Benchmark Mode Cnt Score Error Units SpringDataJdbcBenchmarking.springDataJdbcQuery avgt 5 10103.975 ± 1140.990 ns/op SpringDataJpaBenchmarking.springDataJpaQuery avgt 5 8622.891 ± 1886.295 ns/op
You can find the modified benchmark here: https://github.com/schauder/spring-data-benchmarks
In general I would not expect better better performance from Spring Data JDBC compared to JPA implementations in the typical benchmark scenario.
The benefit of Spring Data JDBC is that it is much easier to understand what it is actually doing and therefor easier to use correctly.

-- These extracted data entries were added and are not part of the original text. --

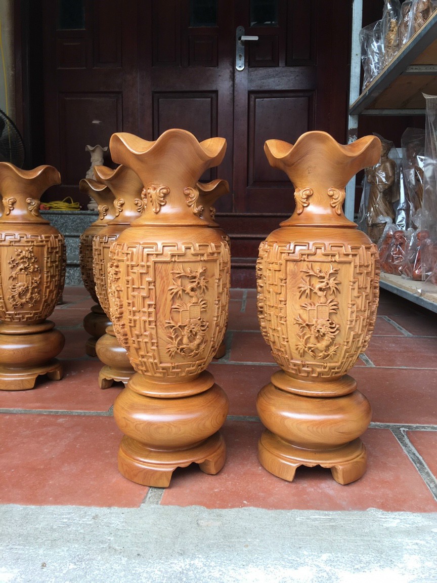 Cặp Bình Gỗ nu gõ hay gõ vẽ nu cao tròn đều đẹp cao 60cm x đk 20cm ý nghĩa bình an , phú quý Anh Chị trưng phòng khách nhà, công ty, bàn thờ
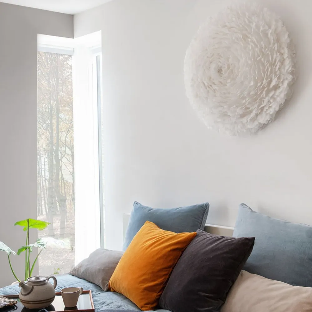 Fjerene former ikke kun udseendet af Eos store væglampe, men også det udsendte lys. Dette får en stærkt dæmpet, delikat karakter.
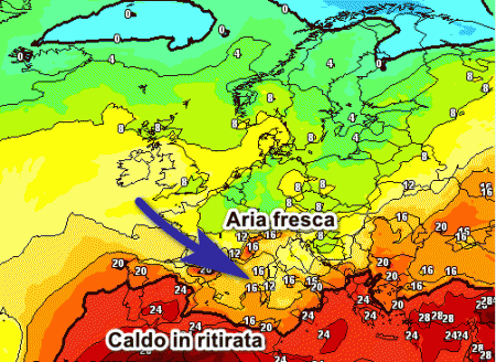 Notiamo l’isoterma + 20° a 1500 metri, che è il confine tra il caldo sopportabile e atroce, abbandonare le estreme regioni meridionali. Da nord-ovest dovrebbe affluire aria meno calda che spazzerà via la canicola e l’afa dall’Italia. Non aspettatevi il fresco, ma solo un caldo decisamente più sopportabile ed una maggiore variabilità del tempo con qualche temporale rinfrescante qua e la.
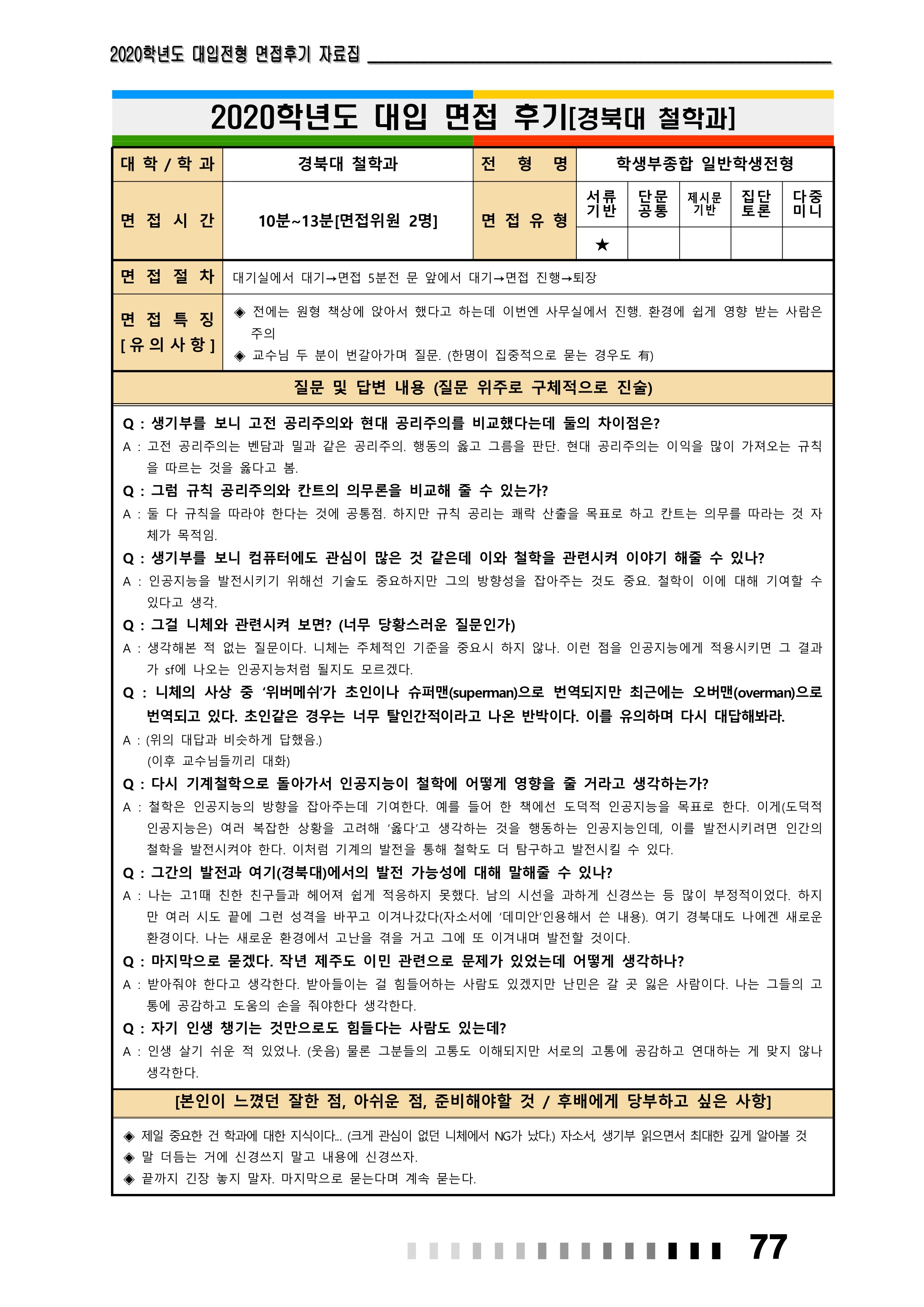 2021학년도 경북대학교 면접 후기110 - 철학과 2021학년도 경북대학교 면접 후기111 - 축산학과

This might very well result in better performance of real world applications due to few mistakes made.
Hi @schauder
I returned to the benchmarks topic and used your project. However I noticed you'd added a @Query annotation for query method (https://github.com/schauder/spring-data-benchmarks/blob/main/src/main/java/demo/jdbc/ProductRepository.java) Was it done intentionally? Because it completely changes the query logic:
public interface ProductRepository
extends CrudRepository<Product, Integer> {
@Query("select * from products")
Product findByName(String name);
}
After I've removed this annotation
public interface ProductRepository
extends CrudRepository<Product, Integer> {
Product findByName(String name);
}
and re-run the benchmarks the results are the following:
Benchmark Mode Cnt Score Error Units
SpringDataJdbcBenchmarking.springDataJdbcQuery avgt 5 30283.784 ± 643.013 ns/op
SpringDataJpaBenchmarking.springDataJpaQuery avgt 5 8669.489 ± 410.739 ns/op
So there's again significant gap between Spring Data JDBC and Spring Data JPA execution time.
Was it done intentionally?
Yes and no. I intentionally added the annotation to demonstrate the effect of not caching the generated query. Changing the query semantics was a mistake on my side.
It seems, we also do not properly cache the results of constructing the SQL statement from the method name, resulting in some significant overhead. You can workaround that by providing an explicit query. The missing caching is something we'll fix.
@schauder Is this something to expect in the upcoming version 3.0?
Is there any update on this? In Spring Data R2DBC, we've seen about a 10x performance increase by adding the @Query
for this query on a very large table (50+ columns), even with a small list of ids (<10)
fun findAllByIdInAndSomethingIsTrue(ids: List<Long>): Flow<MyEntity>
Hi
We have a Spring Data JPA (Hibernate) project that we would like to migrate to Spring Data JDBC. The main reasons are simplified configuration and model mapping. And we thought that it would lead to better performance.
However we did some benchmarks (with default settings) using JMH (H2 database) and it turned out that in most cases the performance has decreased. For example, we have the following repository and query method:
And the benchmarks showed the following execution time (in ns): Spring Data JDBC - 80899 Spring Data JPA - 14124
So is it predictable? Or we missed something in our configuration/tests?